Summer Session A, 2025

Important Lab01 Information

  • Make sure you render your lab to a PDF, and submit the PDF to gradescope (I’ll quickly show you how to do this on the server now).

  • FOLLOW THE INSTRUCTIONS ON THE LAB! (I already see some Gradescope submissions that haven’t followed all the instructions, especially when it comes to adding/removing names to your lab submission).
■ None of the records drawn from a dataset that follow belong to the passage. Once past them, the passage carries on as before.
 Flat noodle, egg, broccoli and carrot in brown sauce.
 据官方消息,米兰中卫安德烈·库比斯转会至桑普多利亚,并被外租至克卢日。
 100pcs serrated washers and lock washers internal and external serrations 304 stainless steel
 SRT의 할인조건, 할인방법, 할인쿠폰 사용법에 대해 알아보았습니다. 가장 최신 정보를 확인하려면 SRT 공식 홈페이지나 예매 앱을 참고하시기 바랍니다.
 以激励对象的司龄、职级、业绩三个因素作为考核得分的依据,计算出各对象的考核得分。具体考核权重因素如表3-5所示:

    • Please note: we’ll be lenient for the first couple of labs, but starting next week the grader reserves the right to deduct points for failing to follow instructions stated on the lab assignment.
  • Please also don’t forget to submit by 11:59pm tonight (Wednesday) on Gradescope!

Leadup

Summarizing Data

  • Data can be highly informative.

  • The information it provides, however, is oftentimes not immediately apparent.

    • Indeed, it is the job of the data scientist to be able to extract the meaning from the data
    • It is also the job of the data scientist to be able to effectively communicate this meaning to an audience.
  • One of the most important ways we can accomplish this is by producing appropriate summaries of our data.
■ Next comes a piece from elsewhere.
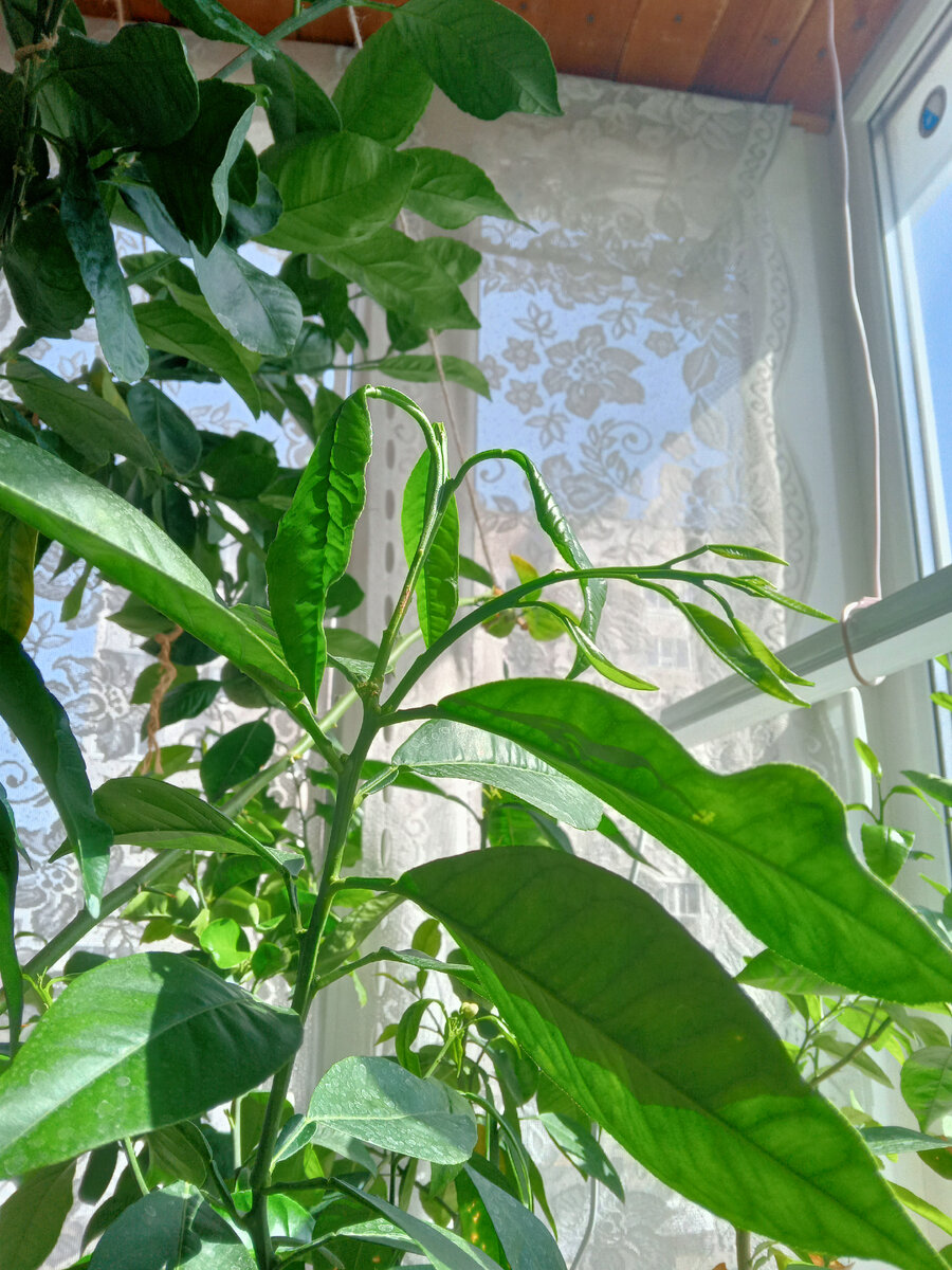 Весна вступила в свои права. Цитрусята на балконе протянули к солнышку нежные салатовые лапки. Но вот беда! - Лапки поникли... Что делать? Дело в том, что прочность растения достигается за счёт целлюлозных оболочек клеток, которые образуют каркас растения и формируют мощные проводниковые пути. Молодой прирост ещё не набрал прочности, клетки не нарастили целлюлозной оболочки, а потеря воды приводит к резкому уменьшению тургора клетки и пониманию молодого прироста. Прежде всего смотрим влажность грунта: если растение сухое, поливаем. Если грунт сырой, а молодой прирост поник , то дополнительный полив не решит проблему, но может привести к заливу корневой. Лучше просто притенить молодые веточки и они встанут. Спустя пару дней они уже не будут понимать на солнце и притенение можно снять. Опрыскивать в данной ситуации можно, но лучше предварительно отнести растение в ванную комнату и опрыскав, подождать его высыхания. Капли воды на солнце могут привести к ожогам, ведь они работают как у

    • The branch of statistics known as descriptive statistics is essentially dedicated to the craft of effectively describing (i.e. summarising) data.

Leadup

Summarizing Data

  • Broadly speaking, there are two types of summaries we could produce: numerical and visual
    • We’ll spend most of our time today and tomorrow talking about visual summaries, and then take a crack at numerical summaries next week
    • “Visual summaries” go by many different names - “graphs”, “plots”, “charts”, etc.
  • Today, we’ll talk about a few different types of plots, and when they are appropriate to use
    • Tomorrow, we’ll dive deeper into the mechanisms behind creating plots, and some principles for effective visualization.
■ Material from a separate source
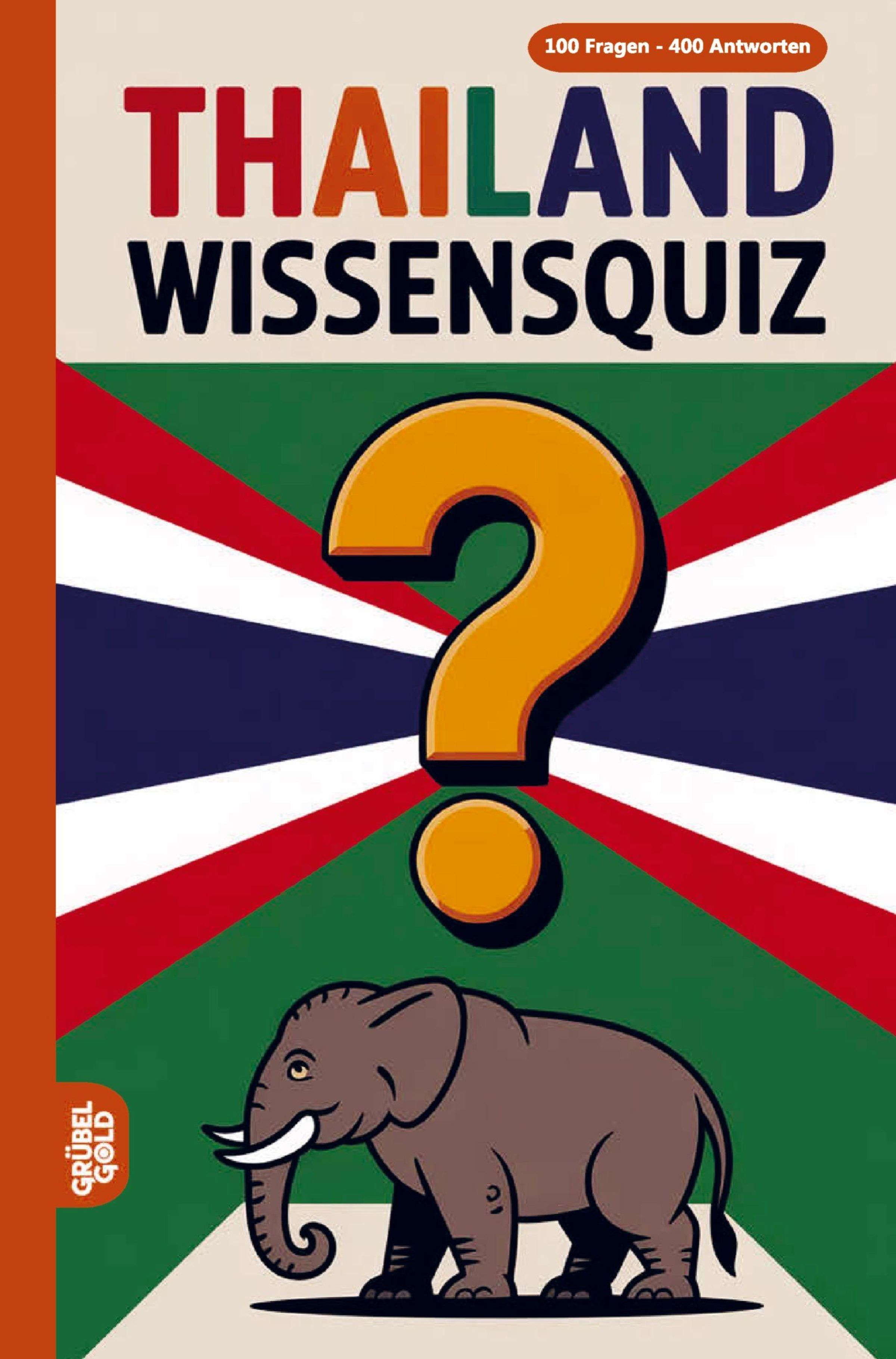 Text: "100 Fragen - 400 Antworten", "THAILAND WISSENSQUIZ". Illustration: Ein Elefant vor einem großen Fragezeichen. , Buch

Review: Variable Classification

Full Scheme

data_classification cluster_main cluster_2 cluster_3 cluster_0 cluster_1 Data Variable numerical Numerical Data->numerical categorical Categorical Data->categorical continuous Continuous numerical->continuous discrete Discrete numerical->discrete nominal Nominal categorical->nominal ordinal Ordinal categorical->ordinal

Single-Variable Plots

Mock Dataset

Class Standing

  • Let’s consider another mock dataset, this one containing the standing (i.e. Freshman, Sophomore, Junior, or Senior) of a handful of (fictitious) students in a (fictitious) course:
standings <- c( "Freshman",     "Sophomore",    "Freshman",     "Junior",       "Sophomore",    "Freshman",
                "Sophomore",    "Junior",       "Junior",       "Sophomore",    "Junior",       "Junior",
                "Senior",       "Sophomore",    "Junior",       "Freshman",     "Freshman",   "Senior" )

Check your Understanding

What type of variable is standings (i.e. what is its classification)?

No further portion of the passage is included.